Graduation Day

by

Last week, we announced the winners of our 2012 Short Story Contest. Today, we’re publishing the second of our four finalists. We’ll continue to publish stories every week for the next month. Read last week’s finalist.

Graduation Day

The farmer didn’t like leaving Riley, the hired man, to finish up the chores alone, even though it was time to get on in and get ready to go to town. He carefully lifted the new work boots out of the box from Sears and Roebuck, where he had saved them for three whole weeks, just for tonight. Tomorrow he’d wear those boots for chores for the first time; in a day or two they’d be “broke in” and he wouldn’t even think of them as new boots anymore.

But tonight, they were clean and new, to go with the pressed khaki pants he put on, and the starchy white shirt.

By the time he was dressed, his wife and two daughters were ready to squeeze themselves into the seat of the truck. After they were gone, Riley would roll a cigarette or two and stare at the sunset, and scratch the dog behind the ears, and finally go on into the little bunkhouse where he slept, while the farmer and his wife and his two daughters drove down the dirt road into town, fifteen miles away.

The younger of the two girls bounced deliberately, a little more than she needed to, every time the truck hit a little bump. She was fourteen, and had graduated from eighth grade just the week before, barely able to stand prim and serene for five minutes to receive her diploma from the county superintendent in the little white schoolhouse a mile down the road from where they lived.

“Can’t you sit still for just one minute?” her big sister asked, smoothing her dress.

The little sister frowned and counted fence posts for about a mile, then started slyly bouncing again, until she was bouncing ridiculously high, and all four of them were laughing out loud.

There was just enough light for the little sister to count the blue stars in three windows as they drove the four blocks it took to get from the edge of the little town to the schoolhouse.

“That makes one more than last week,” she said, “and five altogether, counting the two at our house.”

“You were so busy fooling around that you didn’t notice the new one at Handy’s house,” her mother scolded.

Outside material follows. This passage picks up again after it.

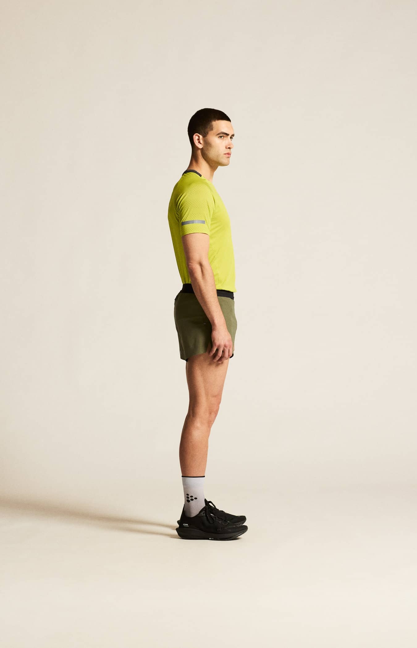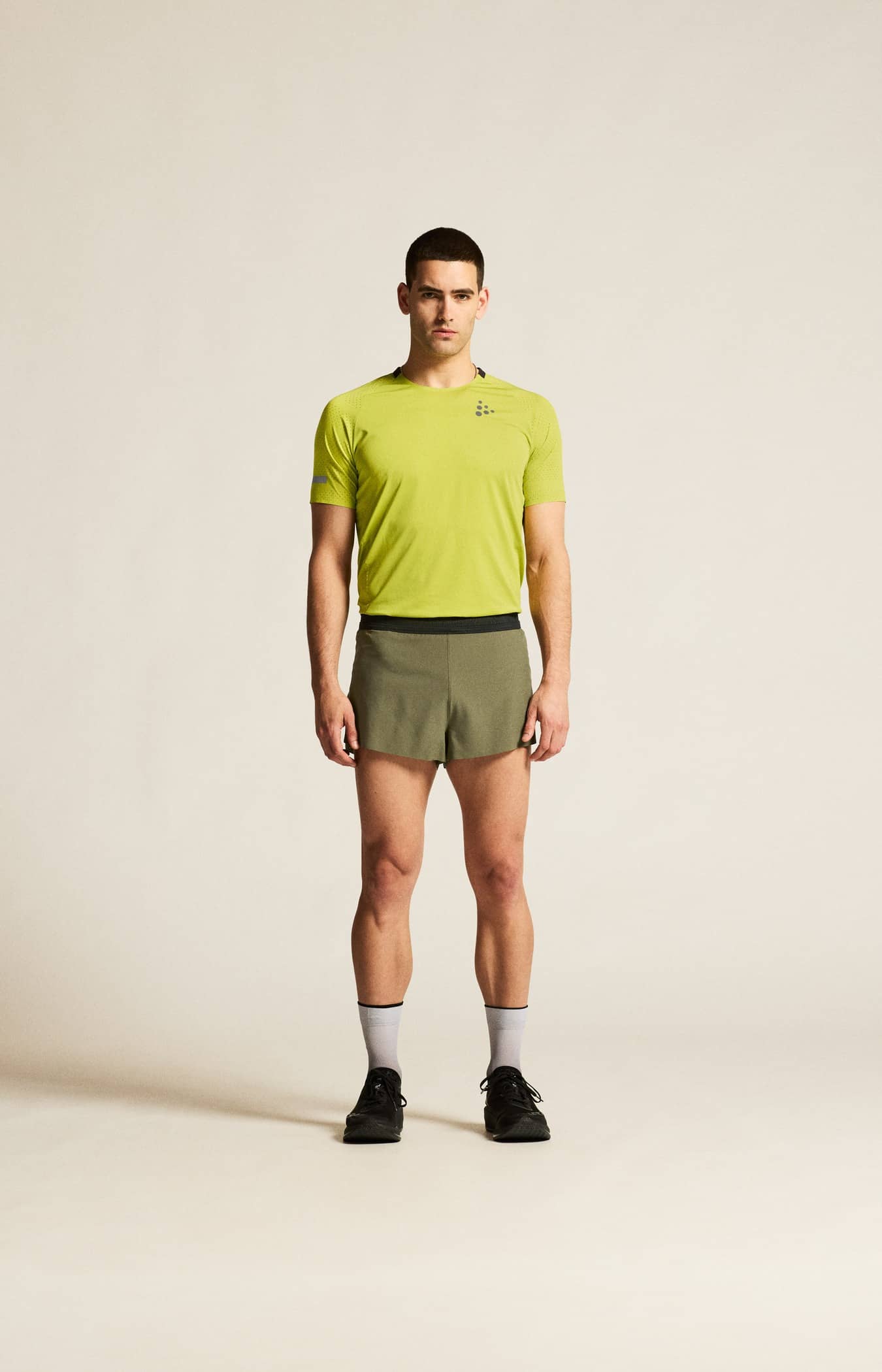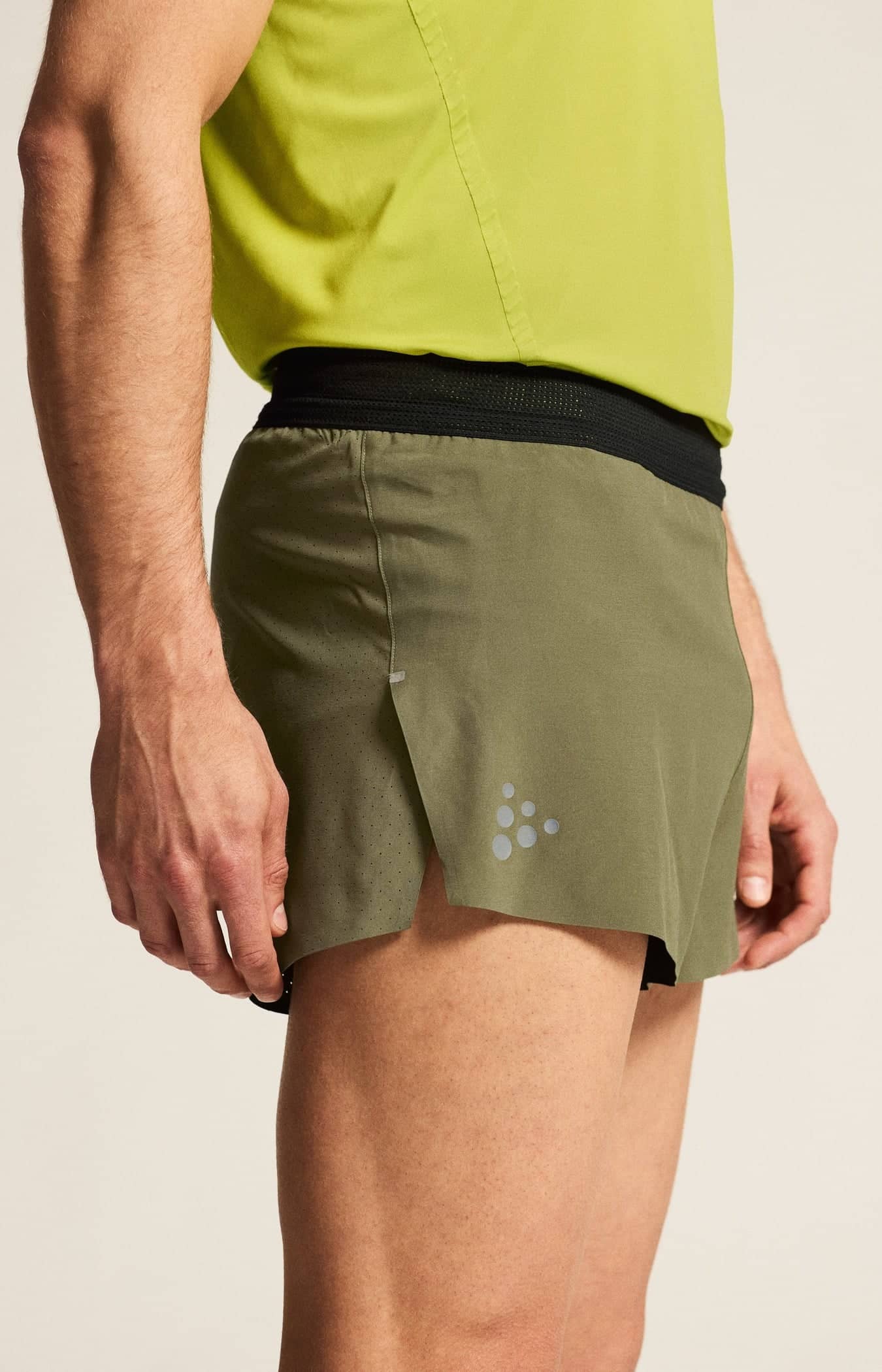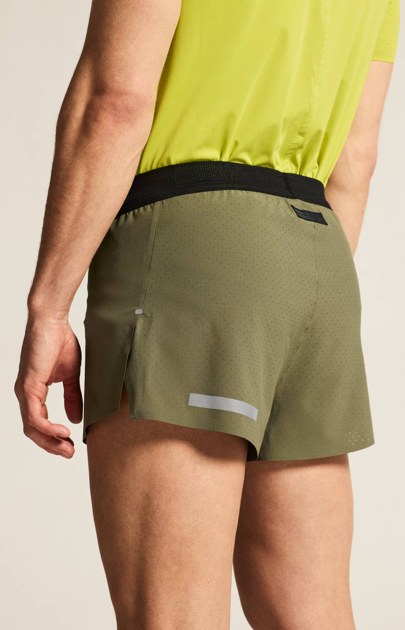 Diese technisch ausgereiften Laufshorts sind aus funktionellem Stretch-Polyester hergestellt und verfügen über einen Innenslip aus luftdurchlässigem Polyester-Mesh, der für hervorragende Kühlung und Feuchtigkeitstransport sorgt. Die Shorts verfügen außerdem über eine perforierte Rückenpartie, hohe Seitennahtschlitze, die für mehr Bewegungsfreiheit sorgen, und einen getapten Saum, der den Komfort erhöht.

When they arrived, the farmer took his place among the other men, out where the cars were parked, and listened to the banker tell a few good stories about when he had graduated from high school, and laughed with the other men, although most of them had never gone to high school. They all turned and looked past the schoolyard toward the train station, just a few hundred feet away, and watched as a small passenger train, just three cars, pulled over on the siding. A minute later, a freight train pulled by, full speed, headed north.

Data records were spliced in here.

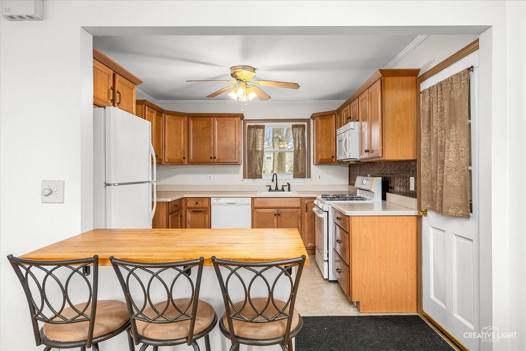 Step into this beautifully maintained 2-bedroom, 1-bath home offering a perfect blend of warmth, comfort, and style. The inviting open floor plan is filled with natural light, creating a bright and airy feel throughout. The spacious living room seamlessly flows into the kitchen-ideal for both everyday living and entertaining! The kitchen features a charming newer butcher block breakfast bar, thoughtfully installed by the current owner, adding both character and function. Just off the kitchen, you'll find a convenient laundry and mudroom area-perfect for daily organization! Both bedrooms are generously sized and the well-designed bathroom offers a clean, modern feel. Outside, enjoy a great-sized backyard-ready for summer barbecues, pets or a quiet retreat. The newly finished driveway and attached single-car garage provide added curb appeal and convenience! Located in the heart of Lake in the Hills, this home offers the perfect balance of comfort and practicality-ideal for a first-time buyer, downsizer or anyone seeking easy single-level living!
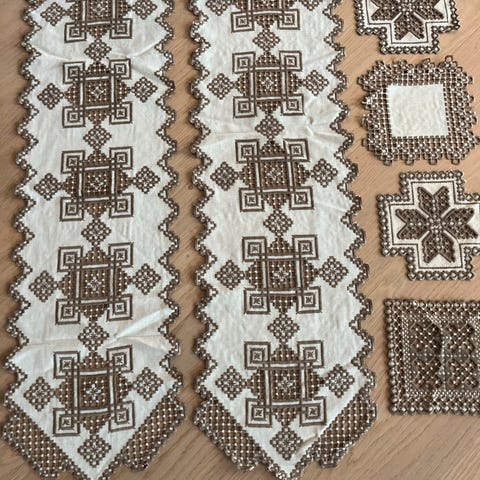 Ubrukt kappelaken med blonder og silkebånd i offwhite/bommullsfarge..helt glemt ut i skapet..passer til 180 seng...nydelig når det er strøkent....gi gjerne bud..betalte ca 1400 kr nytt et par år tilbake.
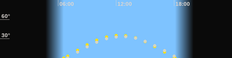 Höchster Stand (Kulmination)12:28 Uhr (h=33.2°)
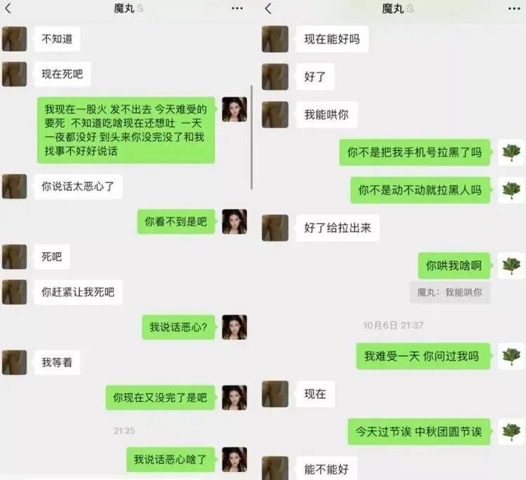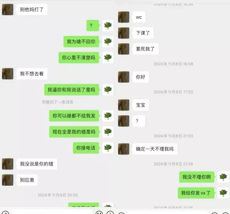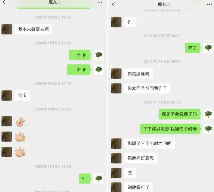 2024年11月6日,荣梓杉开始短时间失联,经常2 3天都联系不到他,即便是联络到荣梓杉,他也是一言不合就开骂,甚至因为女方3个小时后才回消息,就不问原因破口大骂。
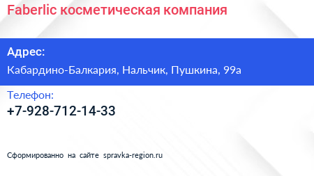 Faberlic, косметическая компания по адресу Кабардино-Балкария, Нальчик, Пушкина, 99а в дальнейшем Организация, размещена в следующих категориях:
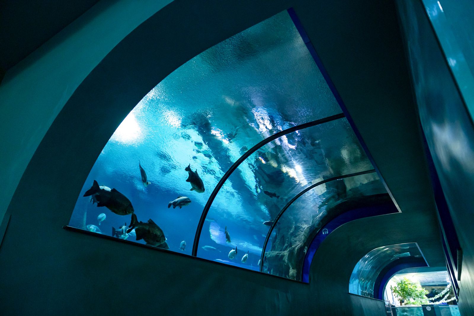 Полумрак, голубая подсветка воды, медленно проплывающие скаты и акулы — атмосфера почти медитативная. Прогулка среди огромных аквариумов создаёт ощущение погружения в другой мир.
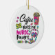 Colourful retro style nurse ceramic ornament featuring a cup of coffee along with medical supplies and text that reads Coffee Gives Me Nurse Powers, great for the nurse who loves her coffee!
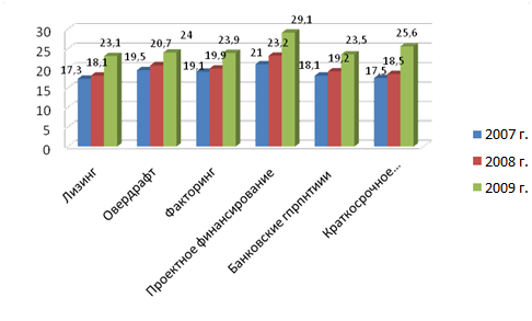 Самое резкое удорожание наблюдается по краткосрочному кредитованию. Рост ставок по данному виду в 2009 году по сравнению с 2008 составил 38%. В целом этот вид кредитования наиболее популярный, поэтому банки исходя из собственных интересов поднимали ставки в докризисное время. Рост ставок в докризисное время в среднем составлял 12-13%. Самым дешевым кредитом на протяжении всего анализируемого периода оставался лизинг, но в 2009 году он подорожал на 27%. Самым дорогим видом кредитования является проектное финансирование.
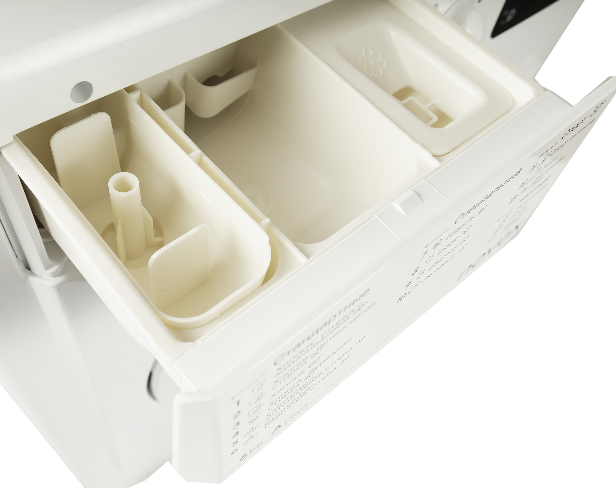 Конструкция лотка подразумевает использование для основной стирки порошковых и жидких моющих средств. Для предварительной допускается использование исключительно порошка. Ванночка, идущая в комплекте, предназначена для жидкого или сыпучего отбеливателя. Она вставляется в первый лоток, при ее использовании исключается возможность предварительной стирки.
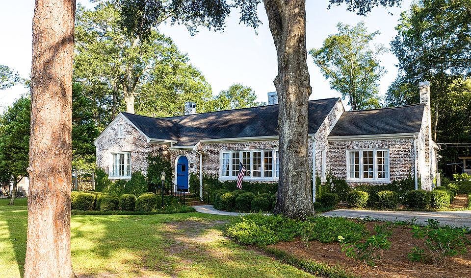 STUNNING and absolutely breathtaking home in one of Andalusia’s most desirable areas. The entire house glows with natural lighting from the multitude of windows. The living room boasts cathedral ceilings, built-ins, and a brick fireplace. Continue through to the right wing of the home where the arched doorway welcomes you into the formal dinning through which you reach the the kitchen that boasts new appliances with granite counters and a custom island made from wood from when the house was originally built. Coffered ceilings can be found in the sitting room off the kitchen that has scenic views of the courtyard and cottage. Stroll down the light-filled corridor to the left wing where the bedrooms are located and step into the primary suite with cathedral ceilings and French doors to the beautiful courtyard. Step outside to find an outdoor cooking area and separate dwelling cottage. The cottage itself has a living room, kitchen, 2 bedrooms, and a full bath.

“Supplies got to get through,” the banker said. Everybody nodded as if it were new and interesting information.

The farmer’s wife stood shyly by the schoolhouse steps, until she recognized another farm woman, and went and stood by her. The younger sister inspected the schoolhouse from the outside, since she knew she would be going to high school there the next fall, and the older sister, giving herself a minute to get over the embarrassment of spilling out of the truck like a country bumpkin, ran inside to find her cap and gown, and then came and stood with the other seniors. The black gowns made them feel more solemn than usual—and most of them knew they were headed overseas in a few months at most. But Harding Spradlin, who was already eighteen, and would be off within a week, was already cool as an old soldier, leaning back in his black robe and grinning at four of the eight girls in the class, who stood around him with sweet, admiring smiles. Harding’s younger brother Coolidge Spradlin, in slacks and a shirt, joined in the flirting; he would be at home for another year, to help with their father’s store and finish high school, and then he would be off, too.

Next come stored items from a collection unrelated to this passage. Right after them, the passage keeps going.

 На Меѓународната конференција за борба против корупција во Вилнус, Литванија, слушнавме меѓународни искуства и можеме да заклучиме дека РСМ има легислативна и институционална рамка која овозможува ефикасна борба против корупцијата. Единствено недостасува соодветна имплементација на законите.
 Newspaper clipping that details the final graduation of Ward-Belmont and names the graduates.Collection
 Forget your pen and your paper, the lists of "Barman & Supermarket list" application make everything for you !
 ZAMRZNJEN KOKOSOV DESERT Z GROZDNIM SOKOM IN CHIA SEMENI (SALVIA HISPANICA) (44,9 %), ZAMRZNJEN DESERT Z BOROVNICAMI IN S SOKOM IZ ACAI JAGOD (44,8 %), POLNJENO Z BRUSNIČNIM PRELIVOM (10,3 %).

It was already dark when Mrs. Randolph, the English teacher, announced that it was time for the seniors to line up and go inside. Miss Bundren, the music teacher, looked over from the piano for the signal from Mr. Randolph, the principal, that it was time to begin. The summer crickets were already beginning to stir, almost in rhythm with the Pomp and Circumstance March, and a few folks fanned themselves, in time to the music, while the seniors, seventeen serious young men and women, walked slowly in and stood in two rows at the front of the little auditorium.

Out on the railroad track, the porter walked through each of the train cars. He stopped and asked an old man if he wanted his window lowered, for a little air.

“We’re not going to be here long, are we?” the old man asked.

“I wouldn’t say for certain, Sir,” the porter answered. “But I think we’re going to have to let a troop train pass, and another freight train.”

The old man sighed, and shook his head. When the first train was completely past, and its loud rhythmic rumble faded, he leaned toward the window, and heard the piano music, across the vacant yard between the railroad station and the schoolhouse.

Sounds like Mr. Elgar’s tune, he mused, and tapped lightly in rhythm with long, slender fingers. Quite polite Mr. Elgar had been, that evening in London, the old man remembered. He thought for a minute about how long ago it had been, and counted thirty years back.

A particularly bothersome cricket continued to fiddle as Mr. Randolph welcomed the parents and friends and graduates, and assured them that this night was not an end, but a beginning. The banker’s daughter, Alva, rose to give the salutatorian address, and spoke of the times that try men’s souls, raising her voice to speak over the cricket.

I guess that cricket’ll drown out any wrong notes I make, the farmer’s daughter told herself.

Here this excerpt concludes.